Intraoral digital scanners have been around for nearly 2 decades in private practice. The technology was introduced as part of the CEREC system to create single indirect restorations on teeth. The scan was usually a segmental scan which was accurate enough to accommodate a milled restoration that had adequate marginal fit.
The systems evolved and restorations became more and more accurate. Soon full arch scans were used to produce orthodontic aligners and then multiple indirect restorations and finally to create full arch cementable restorations. There was always a high degree of accuracy with short span scanning for one or two units. As soon as the span increased the accuracy decreased and traditional impressions were used to supplement the workflow.

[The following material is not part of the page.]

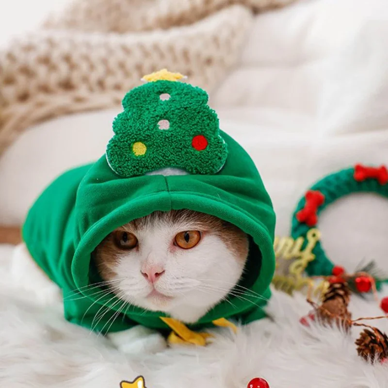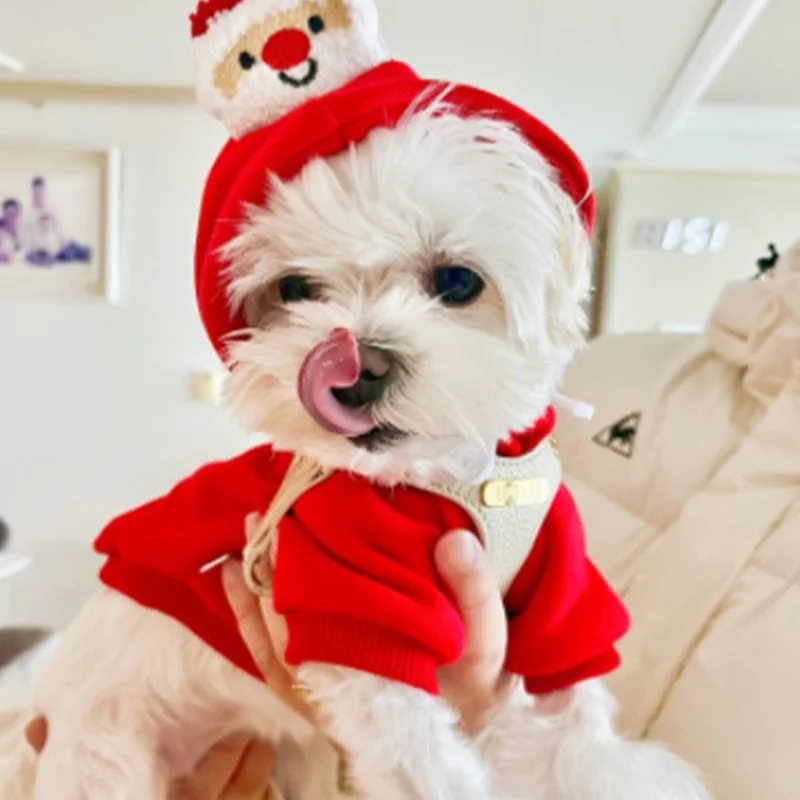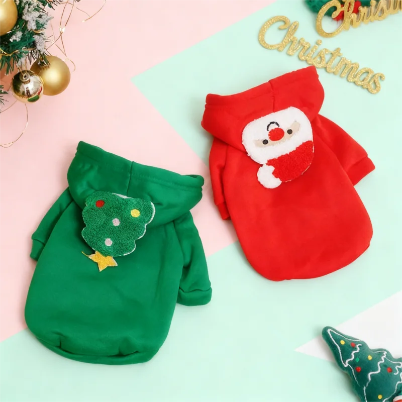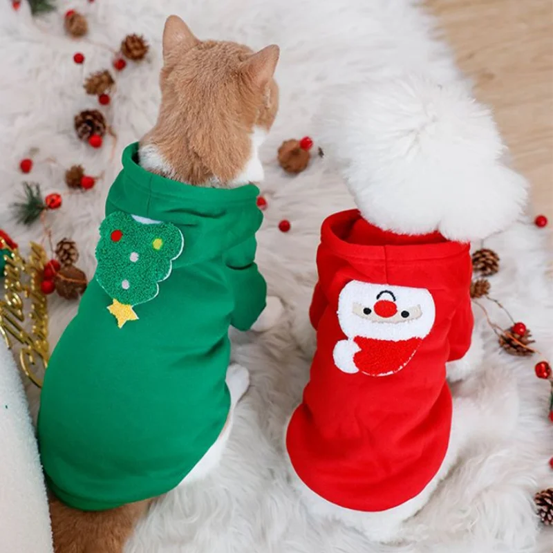 Sudaderas con capucha para perros a la moda, ropa navideña para perros, decoración de Papá Noel, jerséis para cachorros, sudaderas cálidas de invierno para gatos, sudaderas para mascotas, ropa de Yorkshire

As technology evolved so did our desire to use scanning to make our protocols more accurate and efficient. The introduction of implant scanning using implant specific scan bodies and the production of screw retained restorations is really the pinnacle of intraoral scanning accuracy. You see, with cementable restorations we have room for error and can accommodate inaccuracy through the cement space, with screw retained restorations there is no room for error, the screw retained rigid connections have minimal tolerance to error.
So our protocols evolved to include scanned data coupled with analog verification jigs and impressions that allowed us to verify the scans and build accurate digital restorations.
Other technology including computer vision in systems like the PIC system, can be used to determine implant position with high accuracy. With modern scanning the accuracy is as accurate today as traditional impressions. Systems like the iTero, Carestream, 3Shape, Medit allow us to obtain very accurate data. However as we always did with impressions verification is still required and the verification very often is analog and translated into the digital realm.
It is important to remember that our technology is only as good as the way we use it and in scanning implant scan bodies attention needs to be paid to mitigating the error created by the software when stitching and reconstructing the models.
Today we are able to trust intraoral implant scanning to produce highly accurate restorations.